[RECORDS SHOWN]
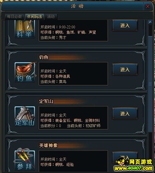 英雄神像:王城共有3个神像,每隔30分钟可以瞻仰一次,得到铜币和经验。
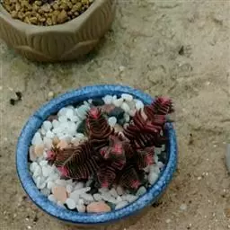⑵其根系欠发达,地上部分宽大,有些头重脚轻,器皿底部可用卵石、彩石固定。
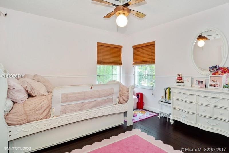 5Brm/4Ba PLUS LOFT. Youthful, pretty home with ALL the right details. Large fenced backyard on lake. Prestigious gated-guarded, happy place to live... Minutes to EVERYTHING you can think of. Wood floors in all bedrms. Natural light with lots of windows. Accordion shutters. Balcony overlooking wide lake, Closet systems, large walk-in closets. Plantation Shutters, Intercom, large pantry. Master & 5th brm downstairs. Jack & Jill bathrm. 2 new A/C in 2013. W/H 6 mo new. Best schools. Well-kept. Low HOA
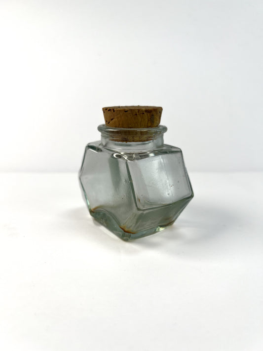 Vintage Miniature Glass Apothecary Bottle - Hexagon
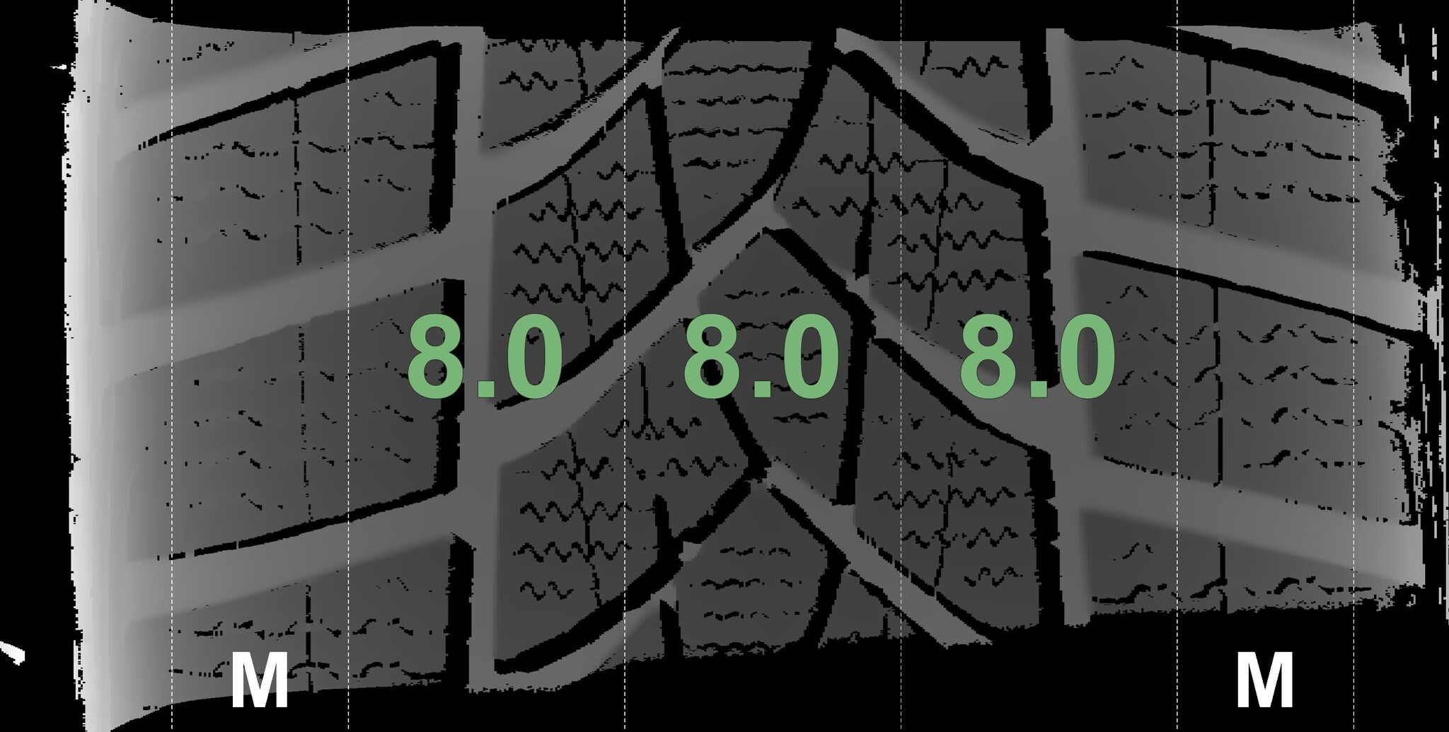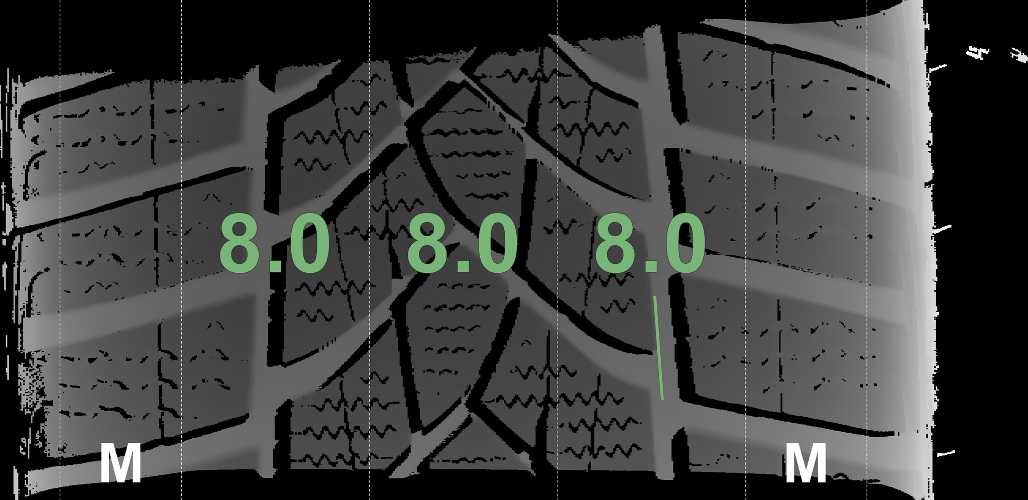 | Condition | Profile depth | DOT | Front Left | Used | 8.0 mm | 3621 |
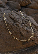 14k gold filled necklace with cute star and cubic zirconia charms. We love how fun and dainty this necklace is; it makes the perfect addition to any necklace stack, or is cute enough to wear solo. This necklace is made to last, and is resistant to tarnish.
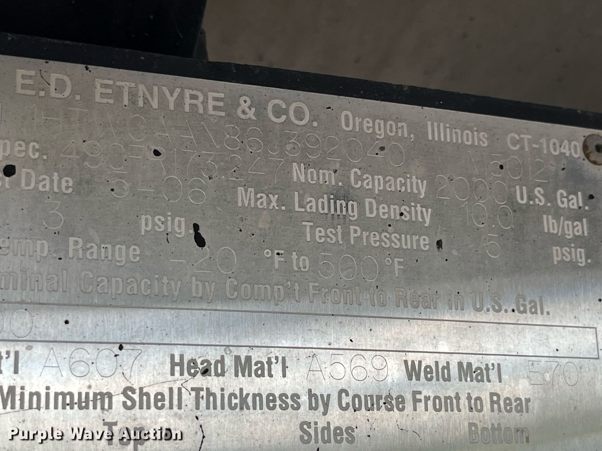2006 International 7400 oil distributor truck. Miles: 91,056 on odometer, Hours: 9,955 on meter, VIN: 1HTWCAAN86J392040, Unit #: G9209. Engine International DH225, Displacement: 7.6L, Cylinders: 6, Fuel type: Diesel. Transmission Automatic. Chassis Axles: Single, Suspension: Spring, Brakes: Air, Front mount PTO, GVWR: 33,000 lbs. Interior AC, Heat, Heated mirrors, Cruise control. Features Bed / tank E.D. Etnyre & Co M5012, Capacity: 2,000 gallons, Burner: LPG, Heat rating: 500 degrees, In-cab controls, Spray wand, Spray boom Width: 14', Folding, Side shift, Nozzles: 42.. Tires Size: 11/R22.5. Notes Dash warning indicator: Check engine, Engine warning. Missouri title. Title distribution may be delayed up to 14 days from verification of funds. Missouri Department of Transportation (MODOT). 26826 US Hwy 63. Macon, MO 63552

[AIM OF THE EXERCISE]
Set down the data again, exactly, without images.

[TASK SOLUTION]
 英雄神像:王城共有3个神像,每隔30分钟可以瞻仰一次,得到铜币和经验。
⑵其根系欠发达,地上部分宽大,有些头重脚轻,器皿底部可用卵石、彩石固定。
 5Brm/4Ba PLUS LOFT. Youthful, pretty home with ALL the right details. Large fenced backyard on lake. Prestigious gated-guarded, happy place to live... Minutes to EVERYTHING you can think of. Wood floors in all bedrms. Natural light with lots of windows. Accordion shutters. Balcony overlooking wide lake, Closet systems, large walk-in closets. Plantation Shutters, Intercom, large pantry. Master & 5th brm downstairs. Jack & Jill bathrm. 2 new A/C in 2013. W/H 6 mo new. Best schools. Well-kept. Low HOA
 Vintage Miniature Glass Apothecary Bottle - Hexagon
 | Condition | Profile depth | DOT | Front Left | Used | 8.0 mm | 3621 |
 14k gold filled necklace with cute star and cubic zirconia charms. We love how fun and dainty this necklace is; it makes the perfect addition to any necklace stack, or is cute enough to wear solo. This necklace is made to last, and is resistant to tarnish.
2006 International 7400 oil distributor truck. Miles: 91,056 on odometer, Hours: 9,955 on meter, VIN: 1HTWCAAN86J392040, Unit #: G9209. Engine International DH225, Displacement: 7.6L, Cylinders: 6, Fuel type: Diesel. Transmission Automatic. Chassis Axles: Single, Suspension: Spring, Brakes: Air, Front mount PTO, GVWR: 33,000 lbs. Interior AC, Heat, Heated mirrors, Cruise control. Features Bed / tank E.D. Etnyre & Co M5012, Capacity: 2,000 gallons, Burner: LPG, Heat rating: 500 degrees, In-cab controls, Spray wand, Spray boom Width: 14', Folding, Side shift, Nozzles: 42.. Tires Size: 11/R22.5. Notes Dash warning indicator: Check engine, Engine warning. Missouri title. Title distribution may be delayed up to 14 days from verification of funds. Missouri Department of Transportation (MODOT). 26826 US Hwy 63. Macon, MO 63552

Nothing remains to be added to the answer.